I have both a 09' Tarmac Pro and a 07' S-Works Roubaix. I wouldn't want to use my Tarmac for century rides, but then again when I ride my Tarmac on my daily 40 miles and 3k of climbing I usually grab the Tarmac over the Roub. But if I had to only own one bike, it would be a Roubaix.

Find a shop that will let you ride the bikes around and see which one is more comportable for you. I have a buddy that has a 05' S-Works Tarmac and he always rides my Tarmac when he shows up for long rides here (saves him putting his bike on a plane). I finally let him ride my Roub last time he was here and he was like OHHHH YESS and now is looking for a Roub. Now he's overweight (has all of it in his gut) and rides maybe 1k a year. 

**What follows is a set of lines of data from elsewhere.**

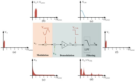 To more intuitively illustrate the circuit’s suppression effect on low-frequency noise, the circuit structure is simplified, as shown in Figure 3. In the modulation stage, the signal of interest is modulated to the carrier frequency, as shown in (b), while the noise in the circuit remains in the low-frequency band, as shown in (c). After the C-V conversion module, the signal is demodulated, transferring the signal of interest to a low frequency, while the low-frequency noise is modulated to a high frequency, as shown in (d). After passing through the low-pass filter, as shown in (e), the final output is the high-precision signal of interest, as depicted in (f).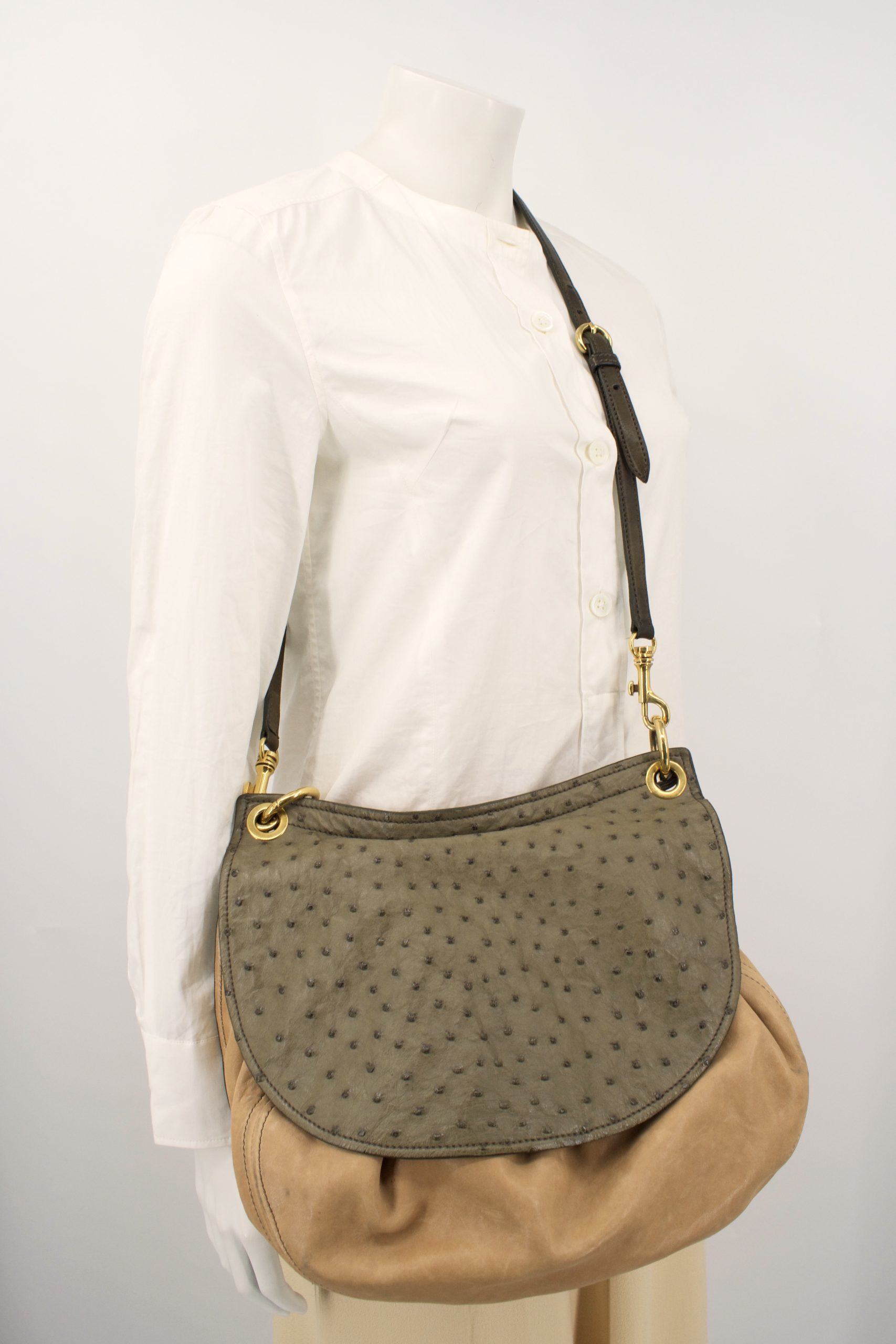 Bandolera de piel y avestruz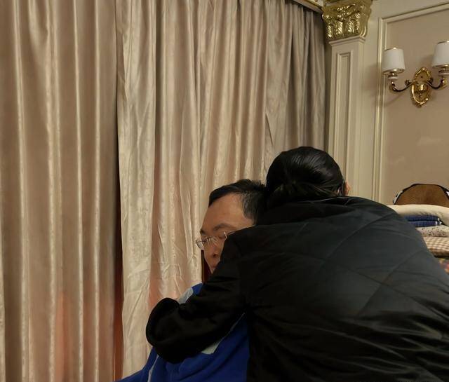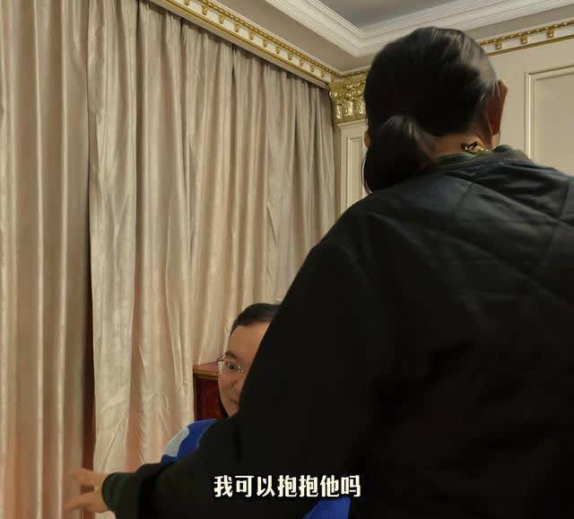 倪萍看到坐在椅子上的蔡磊,满眼心疼,她轻声询问蔡磊家属,可以抱一抱他吗?

If your going to get serious and hammer and don't expect to do 50+ rides, the Tarmac is a great sports car, but it does get uncomfortable after a few hours. And riding it with the handle bars raised is just wrong, but if you only had one bike you'd have to do that to make it work.


----------



## bernithebiker (Sep 26, 2011)

All good advice here.

I ride an sl4 with no spacers and a very negative stem, so like it low, but although i ride quite a bit, each ride rarely exceeds 40 miles.

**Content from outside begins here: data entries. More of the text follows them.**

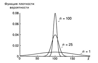 (доказательство этого факта мы опускаем), она тем меньше, чем больше размер выборки, и, значит, тем сильнее «сжата» функция плотности вероятности для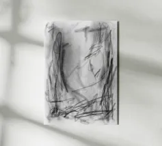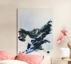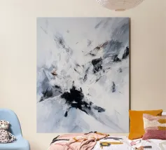 Questo dipinto astratto presenta tonalità di crema, blu e nero con molti segni intricati. Questo pezzo di lusso senza sforzo può essere il punto di riferimento perfetto per le vostre pareti o elevare istantaneamente i vostri articoli per la casa, gli accessori o l'abbigliamento.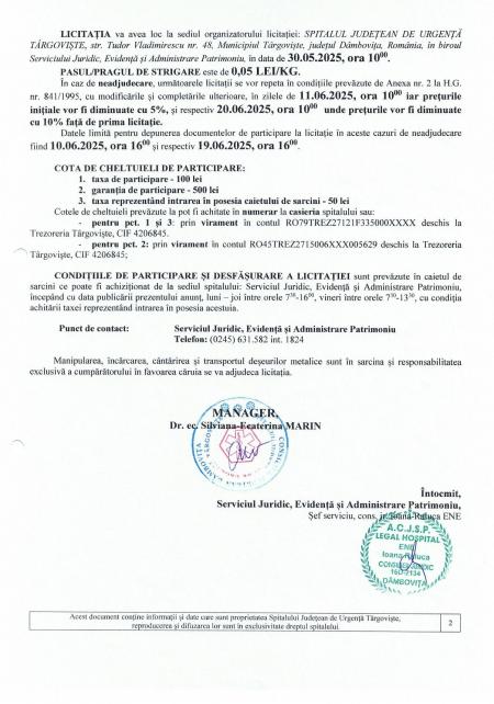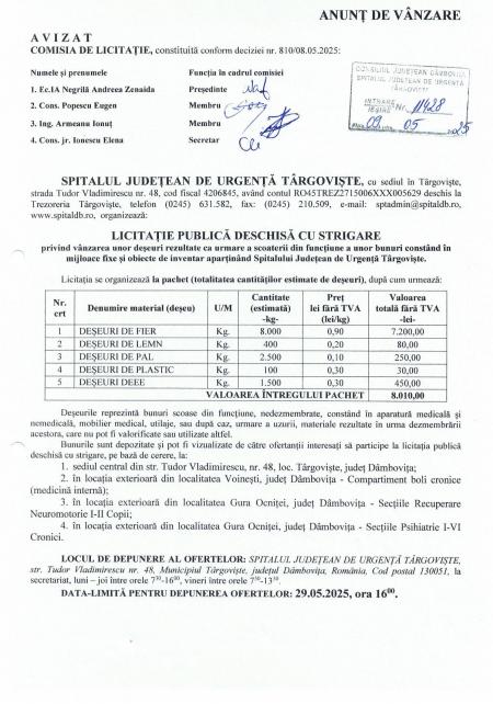 SPITALUL JUDEȚEAN DE URGENȚĂ TÂRGOVIȘTE, cu sediul în Târgoviște, strada Tudor Vladimirescu nr. 48, cod fiscal 4206845, având contul RO45TREZ2715006XXX005629 deschis la Trezoreria Târgoviște, telefon (0245) 631.582, fax: (0245) 210.509, e-mail: sptadmin@spitaldb.ro, www.spitaldb.ro, organizează:

But i agree, don't put a high rise stem on a tarmac, just looks awful! Get a roubaix instead.

Have you thought about 2nd hand? You can get some amazing bargains on Ebay, etc. maybe a 2 year old SL3 or something?


----------



## bb1857 (May 13, 2012)

I have a 2011 Tarmac Expert and the LBS that I bought it at worked on fit with me to make it more comfy as I am just now starting to put some miles on my bikes. The '11 Tarmac has a stem that can be flipped to bring the bars up a bit and also has a stem spacer that can be flipped that raises the bars a little more. I know everyone says it's ugly, stupid looking, etc to raise the bars on race bike but I know as i progress and my fitness improves that I wanted a bike that I can make a couple of adjustments and it's back to it's full race bred form. I rode the Tarmac and Roubaix back to back with the Tarmac stem flipped and it was very similar in fit to the Roubaix but still a faster bike overall. Maybe some guys are snickering at me because of the flipped stem but I don't ride for them or anyone else. Just my $.02!! Good decision to have to make though!!


----------



## tritonrep (Jun 9, 2008)

Valentin. I just went through the same thing. After having a Trek Madone years ago and riding alot. I decided to get back into it. I bought the Roubaix apex. Paid around $2000 for it. Best decision Ive ever made. First day I took it out I rode 18 miles and could get out of bed the next morning. I rode both and I think the Tarmac is a sweet bike. I think, what some of the others have said, you should look at your riding style and is speed or comfort more important. I bought the roubaix mainly for the comfort factor. Good luck


----------